┌──
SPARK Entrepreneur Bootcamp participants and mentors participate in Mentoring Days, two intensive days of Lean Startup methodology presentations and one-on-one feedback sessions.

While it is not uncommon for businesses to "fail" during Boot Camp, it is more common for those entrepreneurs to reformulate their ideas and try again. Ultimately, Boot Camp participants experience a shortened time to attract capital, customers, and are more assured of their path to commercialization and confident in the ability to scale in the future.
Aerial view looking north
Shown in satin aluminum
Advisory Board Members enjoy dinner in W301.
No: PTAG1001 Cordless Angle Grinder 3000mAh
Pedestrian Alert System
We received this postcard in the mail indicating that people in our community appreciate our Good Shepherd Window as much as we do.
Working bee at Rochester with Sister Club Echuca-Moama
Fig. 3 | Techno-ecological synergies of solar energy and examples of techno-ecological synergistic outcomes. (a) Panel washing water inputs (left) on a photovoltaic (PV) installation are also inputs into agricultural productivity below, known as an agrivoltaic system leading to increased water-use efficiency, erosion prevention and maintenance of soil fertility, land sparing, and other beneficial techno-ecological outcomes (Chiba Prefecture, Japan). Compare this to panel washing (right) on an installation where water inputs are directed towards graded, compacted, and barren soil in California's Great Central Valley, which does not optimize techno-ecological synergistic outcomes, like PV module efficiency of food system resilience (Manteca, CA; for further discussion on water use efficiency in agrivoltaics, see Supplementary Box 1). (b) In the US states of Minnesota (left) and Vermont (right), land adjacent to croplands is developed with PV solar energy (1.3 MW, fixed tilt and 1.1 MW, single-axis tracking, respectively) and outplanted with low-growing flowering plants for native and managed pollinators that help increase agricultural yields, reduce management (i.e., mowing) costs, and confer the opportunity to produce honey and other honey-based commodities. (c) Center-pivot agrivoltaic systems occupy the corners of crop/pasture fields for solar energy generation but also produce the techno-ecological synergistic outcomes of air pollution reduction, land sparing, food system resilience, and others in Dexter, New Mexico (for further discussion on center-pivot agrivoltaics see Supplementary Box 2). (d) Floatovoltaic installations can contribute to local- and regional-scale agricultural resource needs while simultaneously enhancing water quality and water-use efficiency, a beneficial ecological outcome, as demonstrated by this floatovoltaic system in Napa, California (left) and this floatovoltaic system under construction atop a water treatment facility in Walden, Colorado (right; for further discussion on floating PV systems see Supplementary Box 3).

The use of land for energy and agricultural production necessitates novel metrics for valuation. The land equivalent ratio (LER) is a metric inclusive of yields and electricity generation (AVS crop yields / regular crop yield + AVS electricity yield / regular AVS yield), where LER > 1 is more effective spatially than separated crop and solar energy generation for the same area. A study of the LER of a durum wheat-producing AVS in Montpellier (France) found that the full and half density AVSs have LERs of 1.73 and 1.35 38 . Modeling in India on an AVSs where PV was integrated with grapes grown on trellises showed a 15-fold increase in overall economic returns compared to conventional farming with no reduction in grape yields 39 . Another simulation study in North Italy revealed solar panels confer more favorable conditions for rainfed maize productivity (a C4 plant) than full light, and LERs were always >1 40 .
└──
Print, without alteration, only the lines above between the one holding "We received this" and the one holding "Working bee at", inclusive.

* _Exercise solution_:
We received this postcard in the mail indicating that people in our community appreciate our Good Shepherd Window as much as we do.
Working bee at Rochester with Sister Club Echuca-Moama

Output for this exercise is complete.